I am confused by your use of the word “solution.” In particular, I’m not sure I understand what you mean by “independant solution,”

Tools/Technology: no matter how shiny and awesome they are, should never be the independent solution, they are only a means to accomplishing the mission/goal.

The word “solution” to me implies a problem, so I’m not sure how it could be independant? Perhaps you could elaborate or provide an example? That would help me understand this:

A lot of people are overly focused on technology as a solution rather than a tool that can be used to re-enforce good policy, procedures, etc. (Read=Process)

Chris Poirier

Sure Daniel: The word “independent” probably wasn’t required to make my point, though I was eluding to the fact a lot of people will get introduced to a tool (like Jive, Social Text, etc a complete end to end social media “solution”) and turn to their office and say things like, “see this magic box solves all our problems.” When in fact a few things are true: 1) They didn’t have a problem to begin with or 2) The problem they had was a result of a poor business process more so than a lack of efficiency.
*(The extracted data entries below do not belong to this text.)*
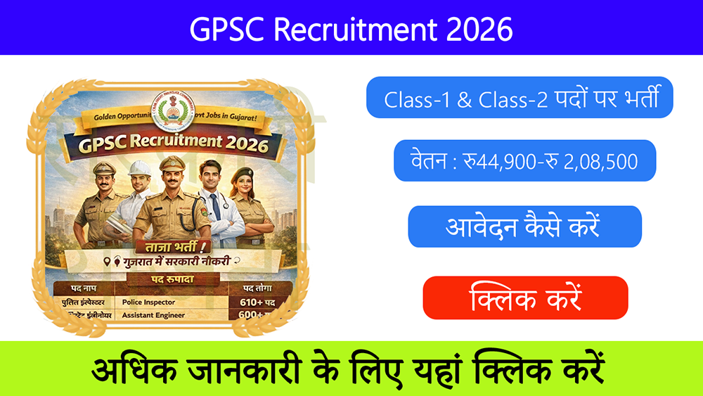 GPSC द्वारा वर्ष 2026 में निकाली गई यह भर्ती इंजीनियरिंग, मेडिकल, प्रशासनिक और तकनीकी क्षेत्रों से जुड़े उम्मीदवारों के लिए है।
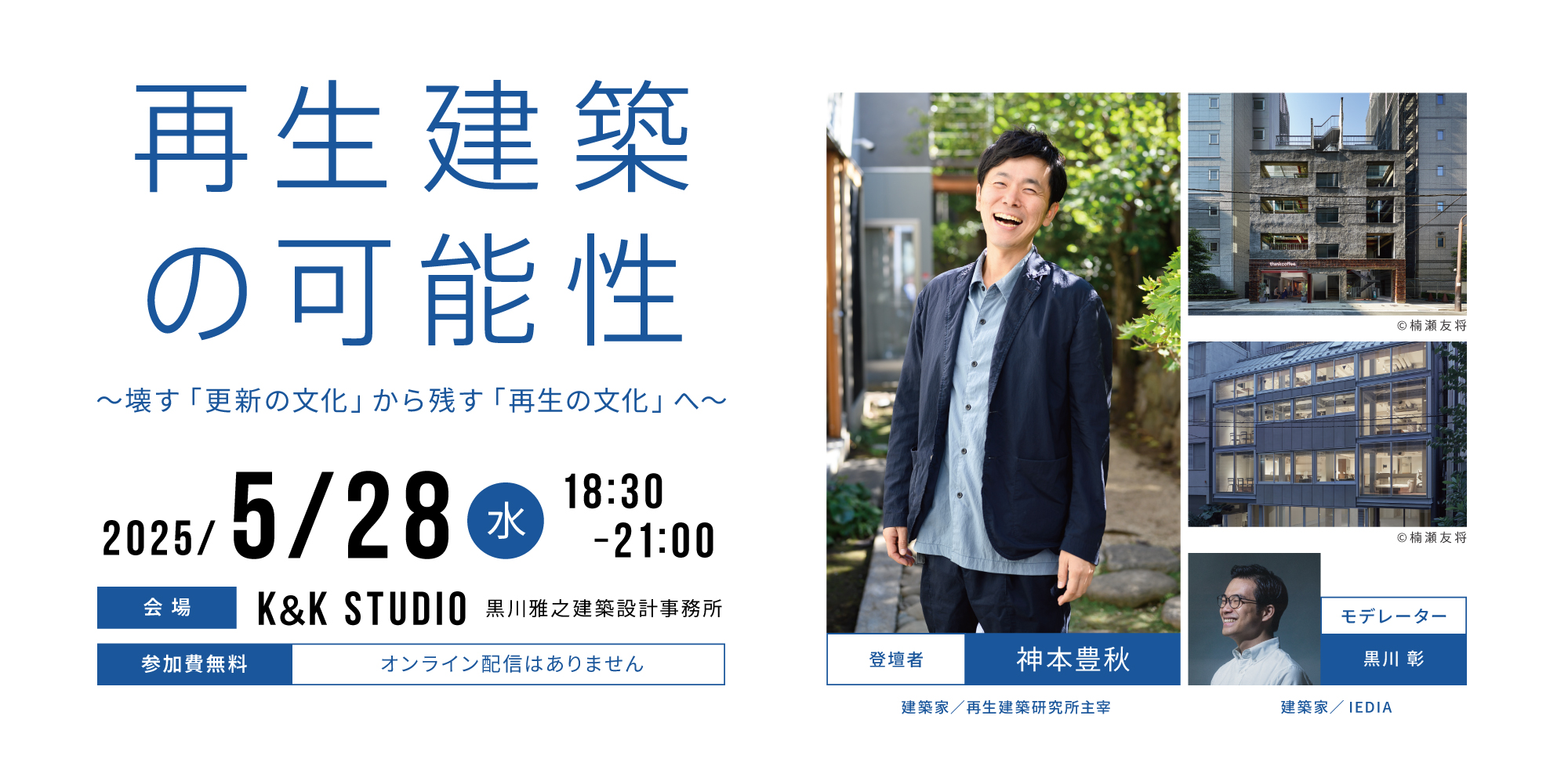 今回のトークイベントでは、再生建築の第一人者である神本豊秋さんが登壇。これまで彼が手掛けてきた数々の再生プロジェクトを通じて、「壊すことが前提」だった建築のあり方を見直し、限られた資源を活かしながら、価値を再発見する方法について深掘りしていきます。
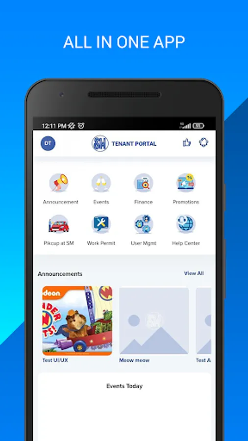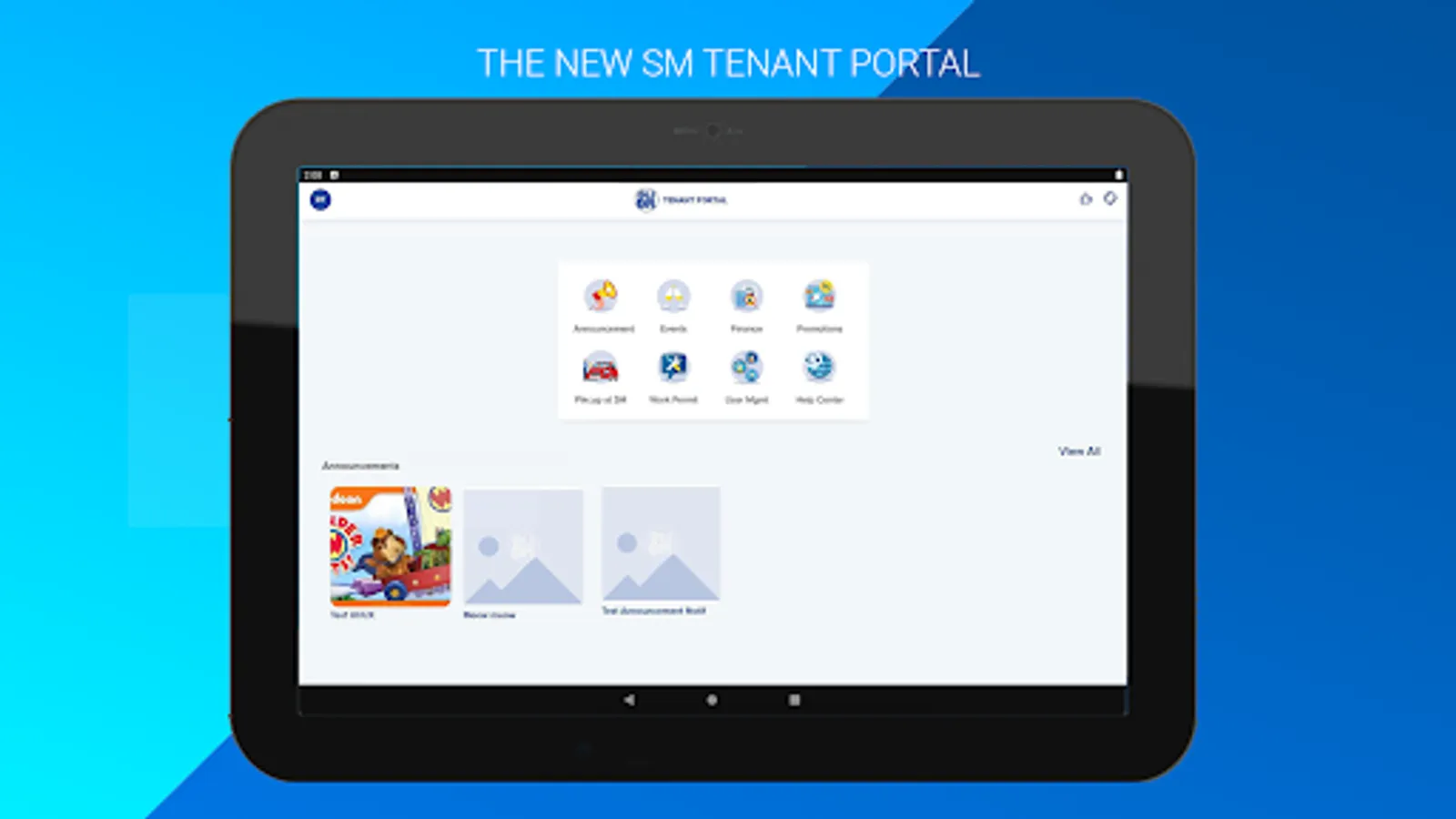 SM Tenant Portal is an app enabling "physical" mall tenants with capabilities to access the Announcements, Events, Promotions, etc. It is a centralized communication channel between SM and our tenants. This is available on the website and mobile applications and is accessible 24/7 on any device.
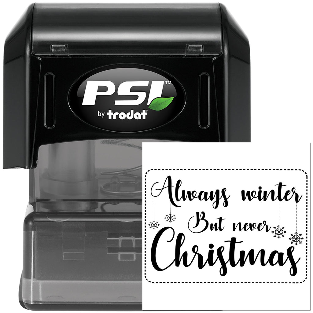 - Inclusive: Perfect for nonreligious winter card makers, teachers and craft groups—this 1-5/8" square pre-inked stamp features the playful “Always winter, but never Christmas” design with dangling snowflakes and a dashed border, so your projects celebrate the season without religious imagery.
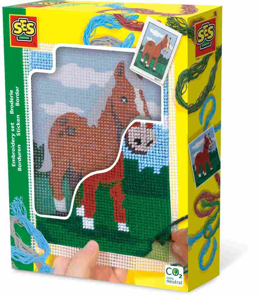 Bodite ustvarjalni in se naučite novih spretnosti s SES ustvarjalnim kompletom Vezenje konjičkov! Odličen način za otroke, da se naučijo pozabljene umetnosti – vezenja, ki je zabavno in enostavno. Ta enkratni komplet vsebuje predpripravljeno sliko za vezeje velikosti 20x14cm, prejo, varno iglo z navojem ter jasna navodila, zato je kot nalašč za otroke. Primerno za starost 6l+
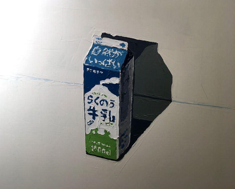 単なる写生ではなく、当たり前のように日常に溶け込んでいる「らくのう牛乳」でも、つい立ち止まってしまうような立体感のある絵に仕上がっています。

A lot of technology helps us do things faster or more organized, but if the process is broken then the technology will only speed up the pace towards continued failure. This is the “technology as an independent solution.” Tech was introduced to solve the problem, but the problem continues because the root cause was poor process. The appropriate solution would have been to indentify the problem/root cause, fix the process AND apply only the appropriate technology needed instead of an end-to-end black box option that does lots of cool things, but you only needed it to do one thing.

Daniel Daughtry-Weiss

I totally agree.I wish some of the “end-to-end” solutions were more customizable to hide the features that aren’t needed/wanted.

Good tools make it obvious what the user should do and, by making things easier for the user, incentivize adoption, but you always have to invest in change managment if you need the tool used in a standard way. I have observed the failure that results when organizations acquire a tech solution, but don’t invest in creating, monitoring, and modifying the processes required to achieve to successfully adopt the tool.